Researchers presented preliminary results of an early-phase clinical trial exploring in vivo CAR T-cell therapy at the American Society of Hematology annual meeting earlier this month. This trial, along with another reported in July in the Lancet, is inspiring hope that the experimental treatment can be used for certain hard-to-treat cancers, though the researchers also noted some serious side effects.

“The question is no longer can you really do this,” says Yvonne Chen, a cancer immunotherapy researcher at the University of California, Los Angeles who was not involved in either study, to Mitch Leslie at Science. “The question now is can you reach the level of efficacy that’s expected and will the safety profile meet the target.”

To alter T cells inside the body, researchers behind the two new trials relied on genetically modified viruses. They carry the genetic code for CAR proteins to patients’ immune cells. This method could help doctors overcome some challenges of CAR T-cell therapy. For instance, the manufacturing process is so slow that patients’ cancers can progress while they wait. The therapy is also prohibitively expensive for many people.

“If I tell you that only 15 to 20 percent of patients nationally who should be getting CAR T are getting it, that is a really eye-opening number,” says Mazyar Shadman, a blood cancer specialist at the Fred Hutch Cancer Center, on a recent episode of the podcast From Bench to Bedside and Beyond. “That is concerning for us in the CAR T community. You have a treatment that’s lifesaving, yet we are looking at best 20 percent utilization in the country. And there’s a problem there.”

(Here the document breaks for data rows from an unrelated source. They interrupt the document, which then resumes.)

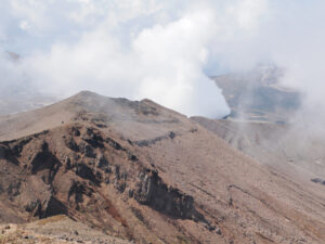 霧に隠れているものが見えてくると、、、おっと!これはすごい景色。中岳 第1火口。噴気は上がっていないけど活動中らしい。火口の底が白っぽくなっているのは火山活動が比較的穏やかな状態のようです。もし活動が活発化すると、ここに湯だまりができたり、噴煙が上がるとのこと。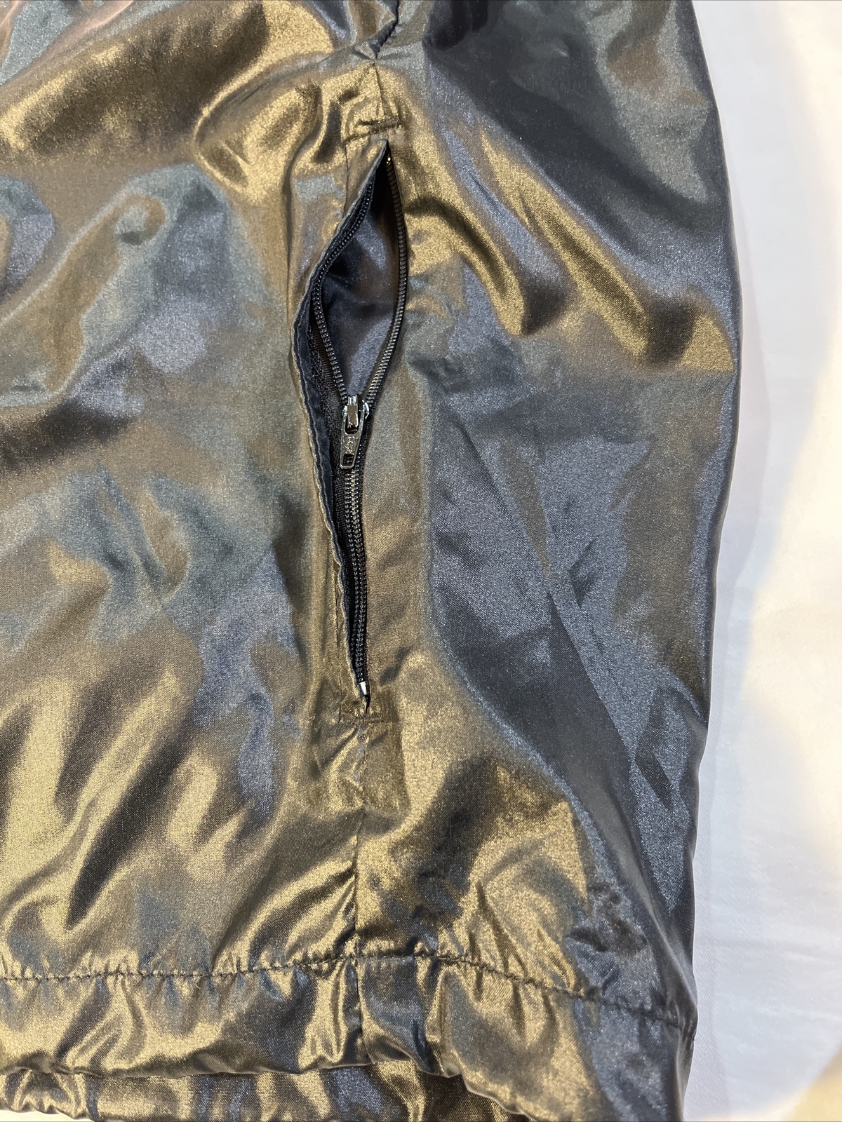 Asics Full Zip Hoodie /Pouch Windbreaker Jacket Sz Large Black Colorblock EUC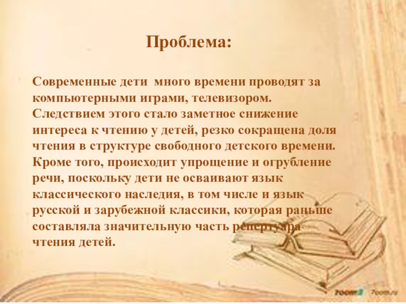 стало заметное снижение интереса к чтению у детей, резко сокращена доля чтения в структуре свободного детского времени. Кроме того, происходит упрощение и огрубление речи, поскольку дети не осваивают язык классического наследия, в том числе и язык русской и зарубежной классики, которая раньше составляла значительную часть репертуара чтения детей.

Quick fact: CAR T-cell therapy approvals

The U.S. Food and Drug Administration approved the first CAR T-cell therapy in 2017, indicated for patients 25 years old or younger with acute lymphoblastic leukemia. Now, seven of these therapies are licensed in the country

In the study reported in July, four patients with multiple myeloma were enrolled in a trial conducted in China. They received an experimental therapy developed by Belgian biotechnology company EsoBiotec and Chinese biopharmaceutical company Shenzhen Pregene Biopharma. Within a few months, two patients showed strong responses, and their tumors disappeared; the two other patients had partial responses, and their tumors shrank.

Still, after receiving an infusion with the experimental therapy, three of the patients experienced a drop in blood pressure that required treatment, and two of them needed supplemental oxygen. One patient also experienced a “mild disturbance of consciousness,” according to the paper.

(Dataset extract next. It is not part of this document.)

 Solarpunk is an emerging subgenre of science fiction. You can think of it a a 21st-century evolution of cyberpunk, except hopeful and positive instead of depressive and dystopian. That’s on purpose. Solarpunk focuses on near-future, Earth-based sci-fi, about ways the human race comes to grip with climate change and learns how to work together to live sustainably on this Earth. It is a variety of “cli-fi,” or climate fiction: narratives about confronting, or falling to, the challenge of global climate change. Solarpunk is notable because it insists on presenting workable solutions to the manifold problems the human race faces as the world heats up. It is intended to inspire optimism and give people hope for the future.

The patients recovered, but Heng Mei, a study co-author and hematologist at the Huazhong University of Science and Technology in China, tells Science that these side effects don’t usually occur with conventional CAR T-cell therapy. However, lab-made CAR T cells often cause the immune system to become overactive, inducing fever, chills and other flu-like symptoms. All patients in the in vivo therapy trial experienced minor inflammatory reactions after receiving their infusions.

In the second trial, presented at the meeting in December, three patients with multiple myeloma received an experimental therapy developed by Boston-based biotechnology company Kelonia Therapeutics. All patients had a minimal amount of cancer cells at the one-month mark, and they’ve shown no disease progression since receiving the treatment. Side effects were milder than in the other study.

Still, “it’s very early. They’re only reporting on three patients, so we still have a lot more to learn,” Michael Rosenzweig, a hematologist-oncologist at City of Hope who was not involved with the trial, tells Mary Caffrey and Ryan Flinn at the American Journal of Managed Care. “But it’s definitely an exciting abstract that’s beginning, at least, to offer proof of principle that it’s possible to do this with some efficacy.”